Iata revises 2010 growth forecast for worldwide cargo demand to 12 per cent from seven per cent. (EB FILE)

Airlines are increasing their cargo capacities as a global recovery spurs demand for air services in Asia.

Malaysian Airline System Yesterday announced that it has ordered two A330-200F freighter aircraft from Airbus SAS. Thai Airways International has also begun to deploy two new Boeing 777 freighters to develop its under-exploited air cargo business.

Last week, the International Air Transport Association said global air cargo traffic surged 26.5 per cent in February from a year ago, and North American and Asian carriers booked even stronger growth.

The first freighter will be delivered to Malaysian Air in September 2011 and will have capacity to carry almost 70 tonnes of cargo, said a Bloomberg report quoting a senior official from the airline.

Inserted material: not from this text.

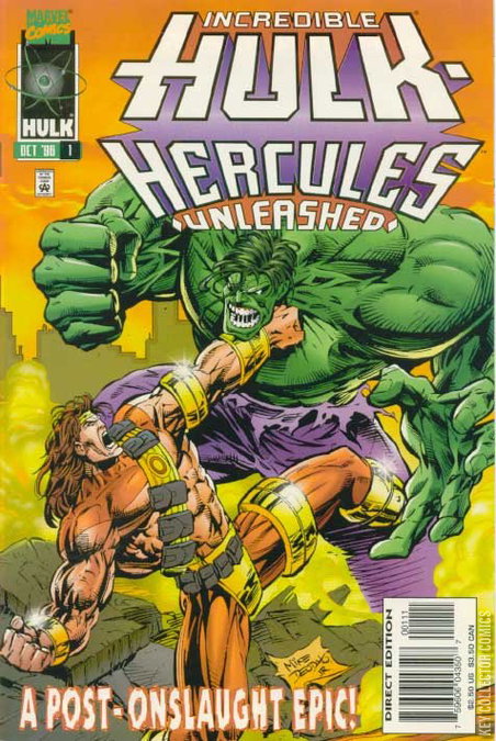 In the aftermath of Onslaught, Hercules wants to know what happened to the various heroes who were his friends. He seeks out the Hulk, the only Onslaught suvivor, but predictably, the Hulk is not in a good mood!

"The new freighters will enable us to better serve the intra-Asia route and offer direct services to Europe from India and Bangladesh," Chief Executive Officer Tengku Azmil Zahruddin said. "This complements our expansion plans in China and will strengthen our position as a key niche player in the region."

The company also said it has confirmed orders for 15 passenger planes. The 17 planes will cost $3.6 billion (Dh13.22bn) based on catalogue prices, he said.

The International Air Transport Association (Iata)?this month revised its 2010 growth forecast for worldwide cargo demand to 12 per cent from seven per cent. Asian air-freight markets are particularly strong, with shipments originating in Malaysia experiencing a capacity shortage, it said.

Cargo traffic, which outpaced a 9.5 per cent rise in February passenger numbers, must increase a further three per cent to recover to pre-crisis levels, Iata said in its latest monthly traffic report.

Meanwhile, Thai Airways International last week started to use cargo capacity on the B777Fs, which are operated by Southern Air, a Connecticut-based low-cost cargo carrier, under an aircraft block space agreement (BSA) struck last year for a period of two years.

The airline envisages growing demand for air cargo delivery from Thailand, especially for perishable products and computer parts – hard disks, in particular, as Thailand produces about half of the world's supply.

Haulage demand is especially strong at the moment, having been on an upward trend since last October, said a report quoting Pichai Chunganuwad, Managing Director for Thai's cargo and mail commercial department.

Earlier this year Airasia said it sees air freight as a major growth area for 2010 and inked several Special Prorate Agreements (SPAs) with other airlines to achieve its revenue target for 2010.

The Kuala Lumpur-based carrier said it was linking with more cargo agents and large export-import firms via its expanding network. The airline now reaches markets in South Asia, Africa, the Middle East and Europe beyond its current route network through those SPA deals and expects its cargo revenue to grow by more than 40 per cent over last year's figure.

Domestic cargo operations are also expected to receive a boost from increased demand for cargo services for perishables, including seafood from West Malaysia. Seafood and other perishables are currently among the carrier's cargo revenue sources.